Opening of night street provokes discontent among expat enclave dwellers in Ho Chi Minh City

Thursday, January 18, 2024, 19:02 GMT+7
Opening of night street provokes discontent among expat enclave dwellers in Ho Chi Minh City
A file photo of a street food section at a night market in District 10, Ho Chi Minh City: Photo: Ngoc Phuong / Tuoi Tre

Many foreigners have expressed their concern over the upcoming launch of Thao Dien Night Street in Thu Duc City under the umbrella of Ho Chi Minh City, with possible noise pollution and more serious traffic congestion caused by the night street operation being the most commonly cited reasons.

They showed their displeasure with the location of the night market in a comment section under Tuoi Tre News' recent article announcing the launch of the night market, a move by Thu Duc to boost its night-time economy.

The 465-meter-long night street spans a section of Xuan Thuy Street and borders Quoc Huong and Nguyen Van Huong Streets in Thao Dien Ward, a major expat enclave as well as a place where a slew of affluent Vietnamese are living.

It is poised to operate every Friday and Saturday from 7:00 pm to 2:00 am, starting this week. 

“Why until 2 AM? This is such unnecessary additional noise and light pollution,” a reader named Julia von Pidoll responded.

Gary Lim, hailing from Singapore, foresaw that the tranquil charm of the area would cease to exist once the night street was operational.

Several others were afraid that traffic congestion in the neighborhood would be worsened by the night street operation.

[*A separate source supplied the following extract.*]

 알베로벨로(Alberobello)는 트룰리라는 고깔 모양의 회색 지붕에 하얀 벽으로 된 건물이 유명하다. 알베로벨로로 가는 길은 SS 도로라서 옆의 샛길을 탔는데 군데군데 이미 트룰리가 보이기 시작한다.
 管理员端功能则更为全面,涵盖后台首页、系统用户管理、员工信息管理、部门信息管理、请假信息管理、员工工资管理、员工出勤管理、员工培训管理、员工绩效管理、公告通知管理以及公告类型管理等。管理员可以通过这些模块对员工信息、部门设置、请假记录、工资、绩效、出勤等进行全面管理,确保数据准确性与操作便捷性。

The entrance of Thao Dien Night Street in Thu Duc City, Ho Chi Minh City, which will be officially opened on January 19, 2024. Photo: Tuoi Tre

The entrance of Thao Dien Night Street in Thu Duc City, Ho Chi Minh City, which will be officially opened on January 19, 2024. Photo: Tuoi Tre

“So it will become 24h congested,” Silvia Olivieri, an Italian woman who is living in Thao Dien, commented.

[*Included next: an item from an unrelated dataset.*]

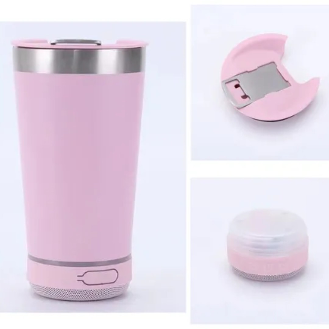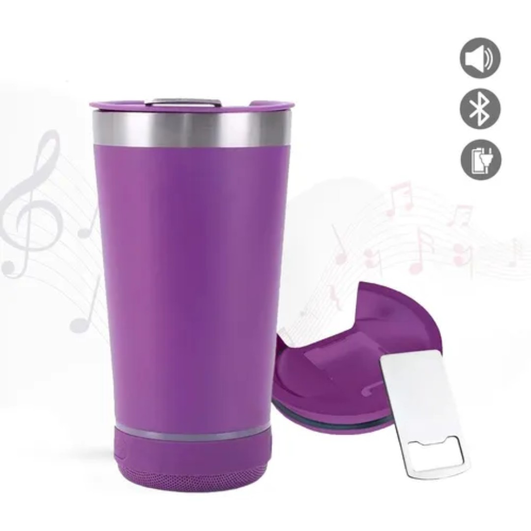 Incluye tapa, es apto para lavavajillas y tiene un práctico destapador incorporado. Su parlante Bluetooth se recarga fácilmente mediante cable USB y te permite disfrutar de tu música directamente desde el celular. Con este vaso, cada sorbo, cada canción y cada momento se viven con más estilo y comodidad.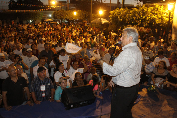 Ante cientos de simpatizantes, abordó algunos de sus proyectos de regeneración nacional en temas de corrupción, desempleo, programas sociales para adultos mayores, y refrendó su apoyo al magisterio.

Another reader named Adrian XN decried the move as poor planning.

A few others wished that this upcoming night street would not be as poorly operated as that in a tourist area in central Da Nang.

Ricky Sahni, an Indian resident currently residing in Ho Chi Minh City, expressed his hope for an adequate number of planned parking spots along the night street.

Aside from their concern over worsening traffic jams, a small number of readers argued that this would turn into a ‘floating market’ as the area is a flood-prone spot.

In contrast to the widespread discontent, a few foreign readers remained upbeat about the opening of the night street.

A Facebook user named Gabriele Comiotto expressed his hope that the night street would open throughout the week in the upcoming period, elaborating, “We need more walking streets in Saigon [a former name of Ho Chi Minh City].”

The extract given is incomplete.